The first steps toward detente in Europe were taken before the Prague Spring. In March 1966, Brezhnev blasted the United States in his report to the XXIIIrd Party Congress, but also called for "achieving European security" on the basis of the territorial status quo.231 That same year, President Charles de Gaulle of France, responding to repeated Soviet appeals for broader cooperation, visited Moscow. While de Gaulle was seeking an independent role for France in bridging the East-West confrontation, Brezhnev and Gromyko saw France as the key to a new relationship with Europe.

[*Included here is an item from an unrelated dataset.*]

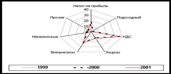 В структуре доходов федерального бюджета в январе-октябре 2001г. поступления от НДС составили 487,2 млрд. рублей, налогов на внешнюю торговлю и внешнеэкономические операции — 272,6 млрд., налога на прибыль предприятий — 174,4 млрд., акцизов — 159,5 млрд. Неналоговых доходов получено 87,2 млрд. рублей, доходов целевых бюджетных фондов — 11,9 млрд.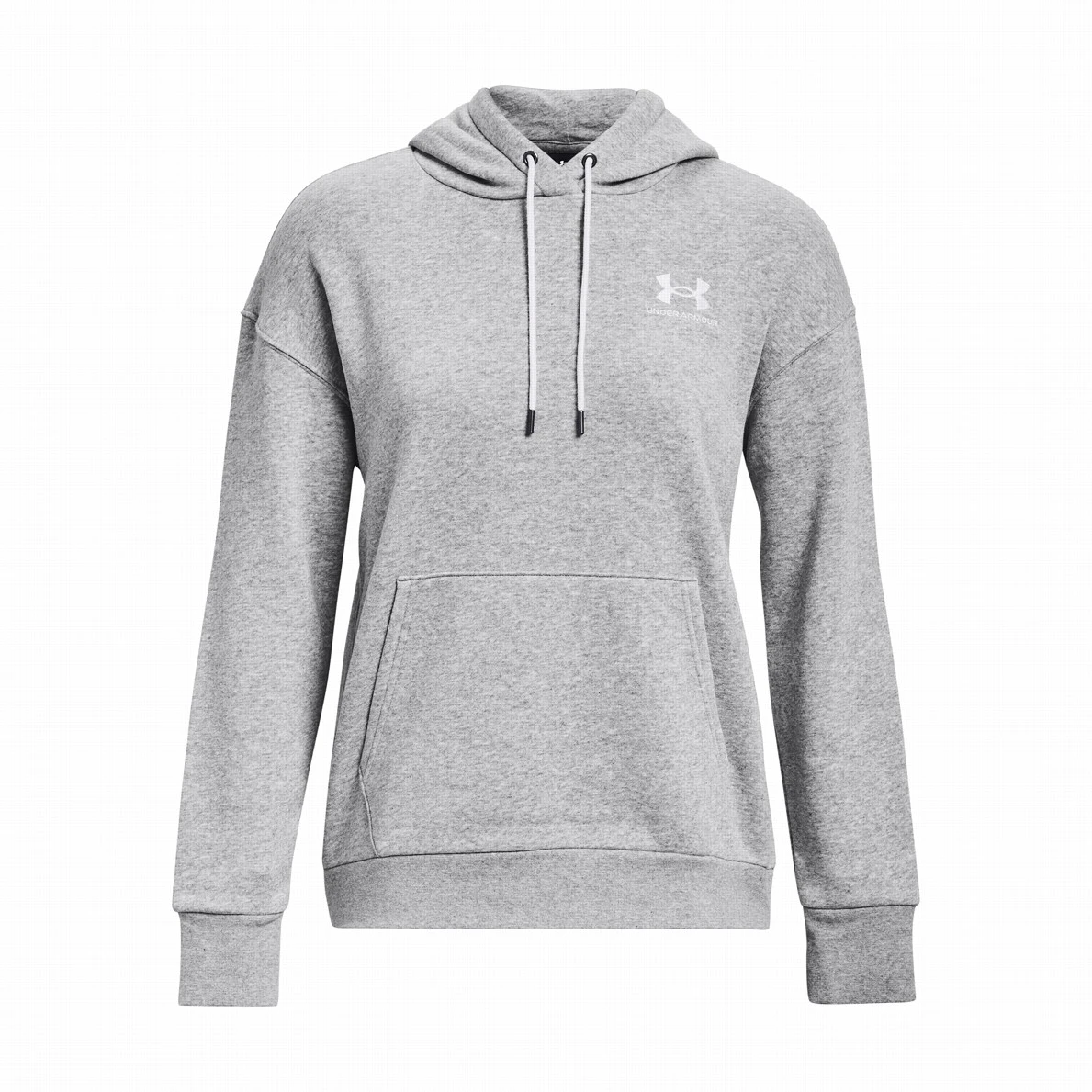 Women's Essential Fleece Hoodie der Marke Under Armour ist extra weich für vielfältige Einsatzmöglichkeiten. Mittelschweres Fleecegewebe mit hohem Baumwollanteil und angerauter Innenseite sorgt für noch mehr Wärme. Sehr schön ist die verstellbare Kapuze mit überkreuztem Kragen. Vordere Kängurutasche für kleine Gegenstände. Das Sweatshirt hat gerippte Bündchen und einen gerippten Saum.

French-Soviet detente survived the test of Czechoslovakia. It was invigorated by President Georges Pompidou’s visit to Moscow in October 1970 and Brezhnev’s visit to France in the spring of 1971. France and the Soviet Union signed a declaration on relations between the two countries, which became a tentative model for European security principles. France then became the first country officially to endorse the Soviet proposal for a European security conference.

As for West Germany, it was slowly moving away fTom its earlier policy of no contact with the Eastern bloc, while not abandoning its ultimate goal of unification. When Willy Brandt was elected chancellor of West Germany in October 1969, he launched a program of Ostpolitik aimed at relaxing tensions in Europe by recognizing East Germany, along with postWorld War II territorial changes in Europe. Brandt chose to deal directly with the Soviet Union first (rather than with its East European allies) as a way of allaying Moscow’s concerns about West German-East German rapprochement.

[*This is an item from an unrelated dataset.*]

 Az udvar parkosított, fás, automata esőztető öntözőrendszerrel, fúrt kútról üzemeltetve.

As a result of very fast-moving and productive negotiations, the USSR and West Germany signed a non-aggression pact (the Moscow Treaty) in 1970. Next, Brandt signed similar treaties regulating the borders of the two Germanys with Poland, Czechoslovakia, and the German Democratic Republic (GDR). The process was completed in 1971 by a Quadripartite Agreement on Berlin signed by the USSR, the United States, Britain and France. The Soviets, for their part, pressured the Stalinist East German leader Walter Ulbricht to step down and be replaced by a more open-minded Erich Honecker. After this leadership transition, the two Germanys extended recognition to each other and signed a bilateral treaty in December 1972. In this way, Brezhnev and company achieved through careful, steady negotiation what Khrushchev had failed to achieve through ultimatums, bluster, and bluff.